JDK Analysis warned that $60,000 could reappear if that level fails, adding: “With spot also selling, this still looks very weak. But if New York brings real spot demand and mVWAP holds, a bounce could trap a large number of sellers,” framing a potential short-trap setup.
Commentator Exitpump separately flagged a “crazy amount of aggressive shorting” while open interest continued to rise. No exact open interest figures or venues were provided, but the combination matters. Rising OI into a sell-off can amplify two-way volatility, either accelerating downside if support breaks, or forcing a squeeze-style rebound if spot demand shows up and shorts get pinned.
Trader Roman kept the rebound case alive despite the weakness, citing downside-exhaustion signals and maintaining upside targets in the 70–75k zone. “I believe a move higher is coming it all just comes down to formation and how we get there,” Roman wrote, adding: “Lots of HTF & LTF indications for 70-75k area + exchange data is showing that more spot is being bought than sold. It’s a matter of when not if.” The exchange-data claim was not accompanied by a specified dataset.
Signals Traders Are Watching Into the New York Session
The immediate tell is whether BTC holds the mVWAP level highlighted by JDK Analysis. A clean loss keeps the $60,000 retest scenario active, while holding it shifts focus to whether shorts are forced to cover into any spot-led bounce.

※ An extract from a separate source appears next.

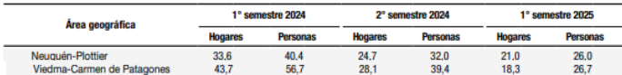 En la provincia neuquina, el conglomerado relevado fue Neuquén-Plottier: en cuanto a los hogares, la cantidad que quedaron bajo la línea de la pobreza fue el 21%; mientras que el relevamiento en personas dio 26%.
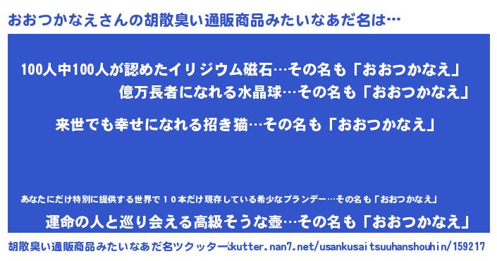 | ヘコむあだ名 | 『おおつかなえ(笑)』『つくし』 |

Open interest behavior is the second input. If OI continues rising while price pushes lower, it suggests leverage is still being added into the move, which can worsen liquidation risk around key levels.
Cross-asset correlation remains the backdrop. Traders will be watching whether US equities stay risk-off after the open, with the Nasdaq’s -1% print serving as the reference point for whether BTC weakness is being driven by the same macro tape.
Oil is the headline-sensitive variable. WTI’s next move around the ~$75 area will matter as Hormuz-related rhetoric develops, because a sustained bid in crude tends to keep pressure on risk positioning.
When Macro Risk-Off Meets Crowded Shorts, the Level Matters More Than the Narrative
I treat this as a tape-and-positioning problem, not a clean fundamental repricing of Bitcoin. The move toward $62,000 happened alongside a red equity open and firmer oil, which is exactly the environment where BTC trades like a risk asset and liquidity gets selective.
The threshold that matters is mVWAP. If it holds and spot demand actually shows up in New York, the setup starts to look structural rather than narrative-driven because crowded shorts and rising open interest can flip into a forced-cover bid. If it breaks, the market has already named the next magnet, and the practical difference is whether $60,000 becomes a quick liquidity sweep or the start of a deeper de-risking leg.